Drawing on nearly a decade of industry experience, this keynote explores the AI-driven evolution of phishing. We will investigate novel attacks developed in our research that demonstrate how Generative AI can obfuscate malicious code and how LLMs can assemble phishing pages in real-time. Because these "runtime assembly" methods can evade traditional network filters, the browser serves as a critical vantage point for detection. We will conclude by discussing a twofold defense strategy: building robust AI-powered detectors and leveraging the browser as a definitive vantage point for protection against patient-zero phishing threats.
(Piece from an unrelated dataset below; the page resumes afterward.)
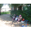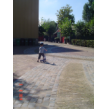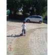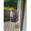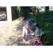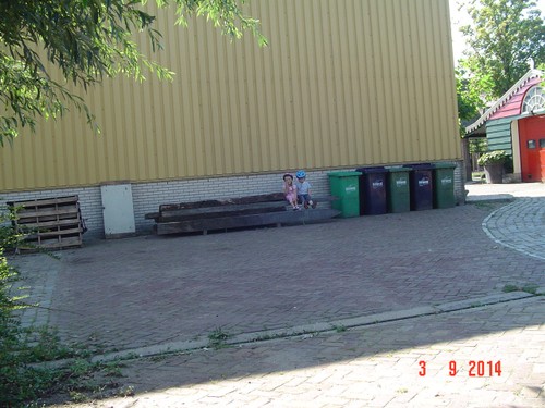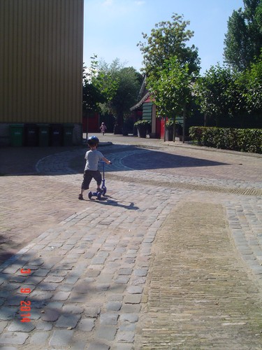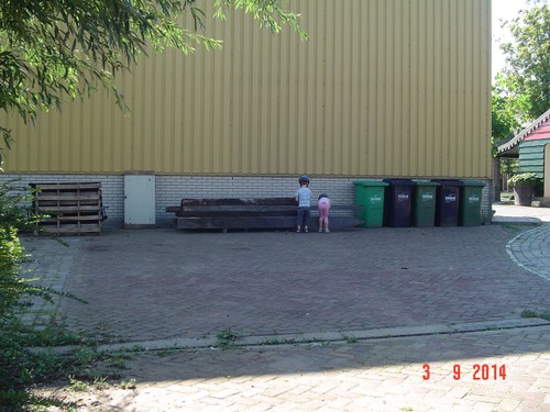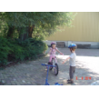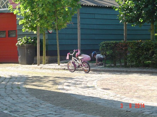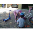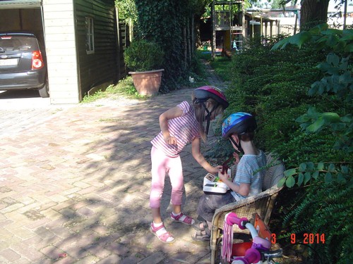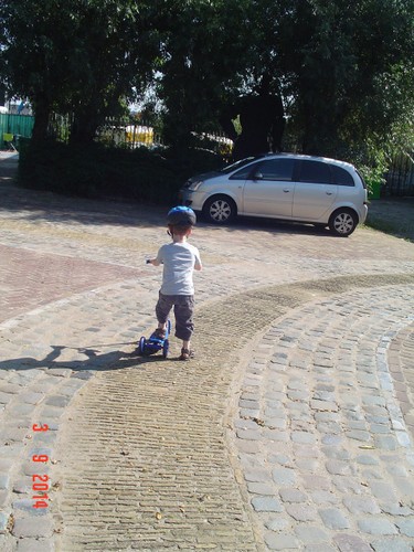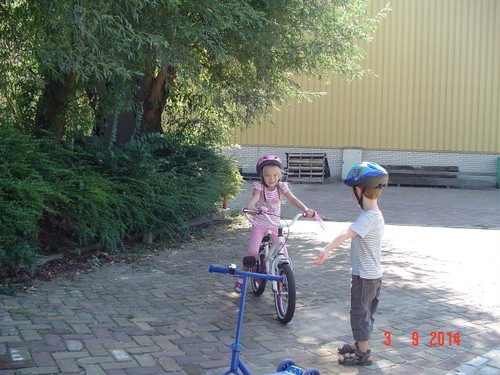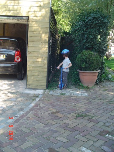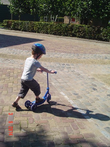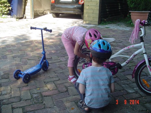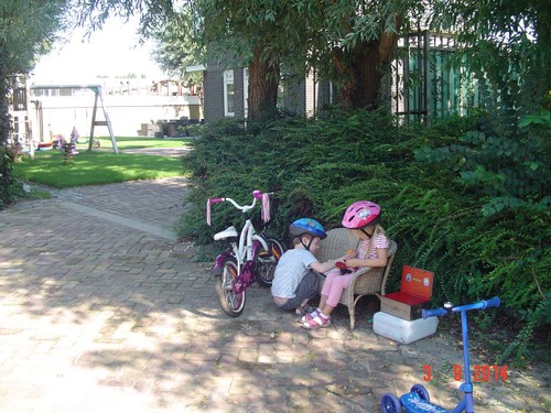 Naar buiten met step en helm op, al gauw komt Senne zeggen dat ze ook haar fiets pakt. Samen heen en weer, dan winkeltje spelen. Senne haalt haar kassa (vindt Bart prachtig) en ik haal Bart's 'geheime' geldkist (vindt Senne prachtig). Spelen samen, soms mot over wie welke kassa mag bedienen maar Bart geeft geen krimp. Ook nog even samen stoepkrijten en dan gaan ze weer het terrein over. Af en toe uit het zicht en dan loop ik er onmiddellijk achteraan.

Speaker's Biography: Oleksii Starov, Ph.D., is a Security Scientist and the Senior Research Manager for Web Security at Palo Alto Networks. He focuses on protecting users against evolving online threats by developing proactive, data-driven network and browser security solutions. Prior to joining Palo Alto Networks in 2018, Oleksii was a member of the PragSec Lab at Stony Brook University, conducting research in web security and privacy. An active contributor to the academic community, he has published and co-authored over 20 papers and serves on the program committees of top-tier security conferences. Since 2020, Oleksii has supported the MADWeb workshop and currently serves on its steering committee. Oleksii frequently shares his research through the Palo Alto Networks Unit 42 blogs and co-hosts the No Name Podcast, a leading cybersecurity podcast in Ukraine.
-
Antoine Boutet (Inria), Tao Beaufils (Inria)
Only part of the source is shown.